I've never had a doe with a reproduced problem like this.


----------



## ksalvagno (Oct 6, 2009)

If you already have it, you can certainly try it. No idea on dose though.


----------



## happybleats (Sep 12, 2010)

here is a bit of info I found..

Cystic ovaries occur when the follicles do not rupture and continue to produce estrogen. Heat cycles become become frequent (6-14 days) or nonexistent. Does may exhibit bucky behaviorby riding other does or being overly aggressive. If a doe with cystic ovaries is undiagnosed and untreated, she can become permanently sterile. These does eventually begin to look 'bucky.' If the condition is caught early, *a shot of chorionic gonadotrophin may restore reproductive function.*

If you suspect more than one doe of having cystic ovaries, your feeding program may be at fault. High estrogen levels in sweet clover and some alfalfa, or diets high in calcium and low in phosphorus may cause temporary problems.

There is evidence to support a hereditary predisposition to cystic ovaries from both the dam's side and the sire's side.

Another common theme is a 5-day cycle , a different condition than cystic ovaries. When this happens, the doe has a normal heat and the follicle matures but does not release the egg. The doe has another normal heat 5 to 7 days later, at which time the egg is released. There is diversity of opionion among experienced breeders about eggs not being released on the first of the 5-day cycles - some say that eggs can be released on both cycles and breed on both cycles to maximize the number of conceptuses. This condition may be related to the presence of multiple follicles - some rupture and some don't until the second heat.


----------



## happybleats (Sep 12, 2010)

dose for PG 600

no more than 1.5cc ...


----------



## Little-Bits-N-Pieces (Apr 7, 2013)

She comes in about every month for about 3 days.
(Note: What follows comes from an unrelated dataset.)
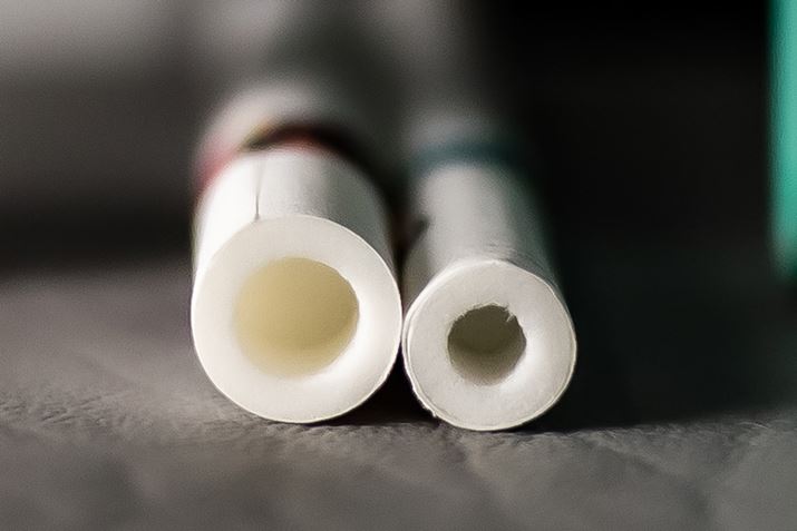 スティックを見ると、一目瞭然。左が「グロー・ハイパー」用、右が従来のグロー専用スティック。フィルターの真ん中の穴がより大きい口径になった
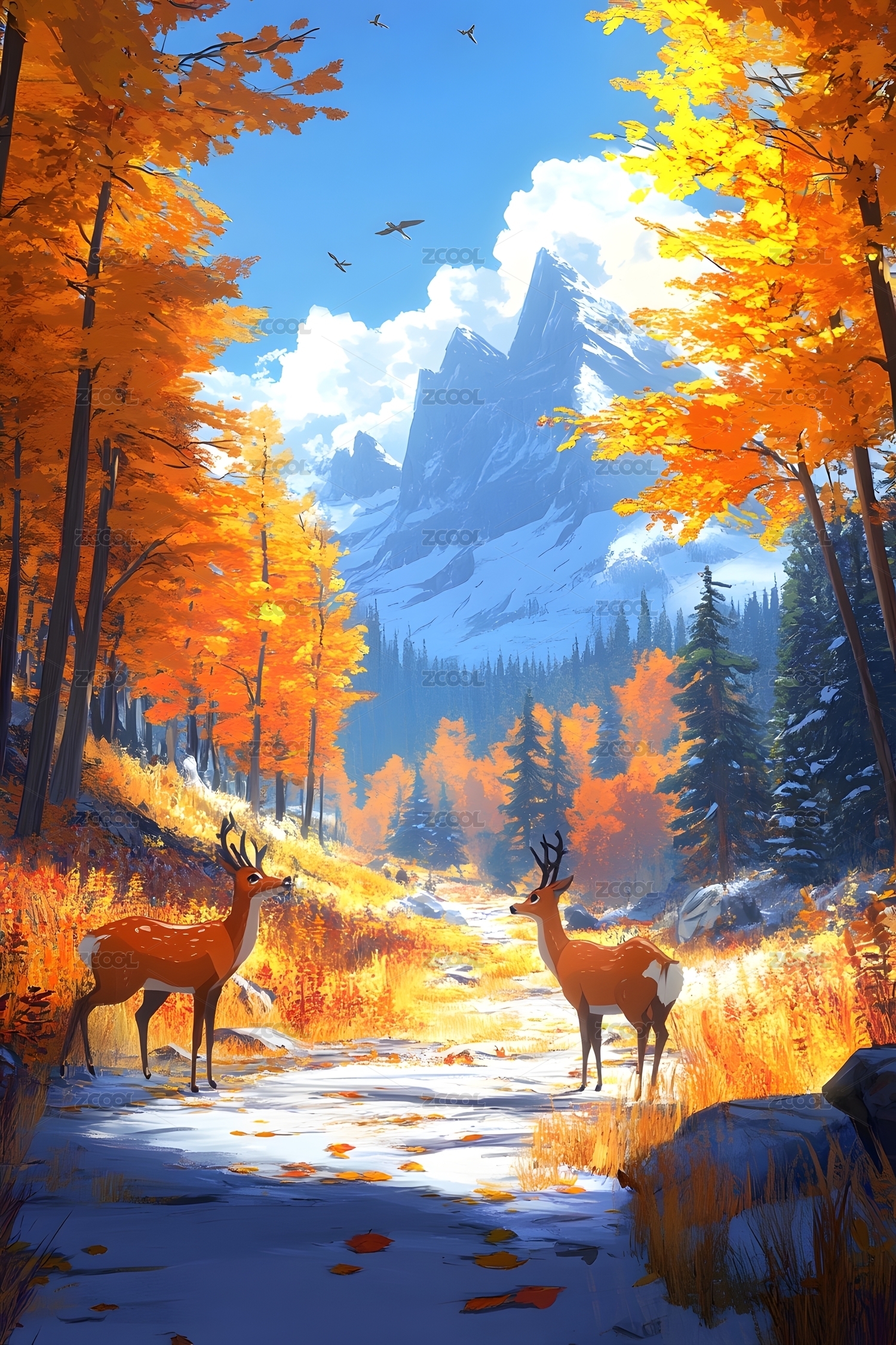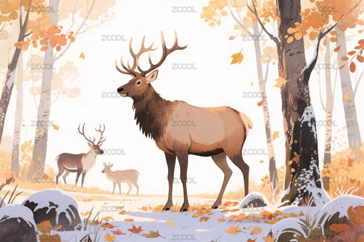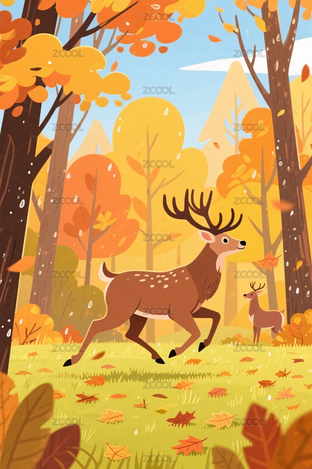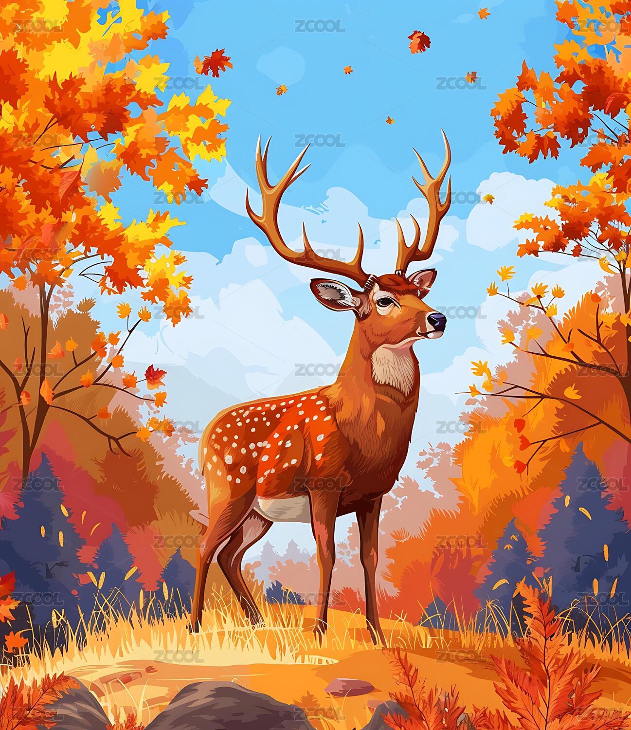 森林,麋鹿,秋叶,秋色,森林插画,插画,自然,动物,秋季,野生动植物

She is normally a normal seasonal breeder like alpines are.


----------



## happybleats (Sep 12, 2010)

I've not dealt with this but from what I read on the article sounds like you could be on the right track...I hope you work it all out..


----------



## mjs500doo (Nov 24, 2012)

Short cycle, non settling, cystic? 


My first choice would obviously be cystorelin. You can grab some from any large animal vet. Can't remember how far you said though. I don't like PG600 myself, but a lot of people do use it. 

If you want her to settle out, you can call up an AI tech of your choice (cattle). Sometimes we carry hormones under vet consent. Or all a vet. You'll want to kick-start her cycle. I might recommend starting an ov-synch program, (ETA-I personally don't use PG600, as i don't care for it) one that I follow:

Initial: 2cc lutalyse
10 days: 2cc lutalyse
Watch for signs of heat, follow up with the Am/Pm rule for typical AI breeding, or toss her in with the buck on day 8. 

Another that a commercial dairy uses:
Initial: 3cc lutalyse
7 days: 1cc cystorelin
14 days: 3cc lutalyse 
17 days: 1cc cystorelin and breed on this day AI or toss her in with the buck on day 14. 

If you do want to go ahead with the PG600, use 2cc. Try to pair it up with a CIDR if you can. 
Initial: Lute 2.5cc, insert CIDR
11 days: Lute 2.5cc
12 days: remove CIDR, give 2-2.5cc PG600
She should be in heat day 13. Put her in with the buck once you remove the CIDR.


----------



## happybleats (Sep 12, 2010)

From what I read...The problem with using too much PG600 is the chance for multiple babies...too many to be vital in some cases...too many for mom to carry ..so a whole new can of worms...Im not an expert by any means....only what i have read...I just don't think I would chance it but def. not more than 1 1/2 cc.


----------



## mjs500doo (Nov 24, 2012)

happybleats said:


> From what I read...The problem with using too much PG600 is the chance for multiple babies...too many to be vital in some cases...too many for mom to carry ..so a whole new can of worms...Im not an expert by any means....only what i have read...I just don't think I would chance it but def. not more than 1 1/2 cc.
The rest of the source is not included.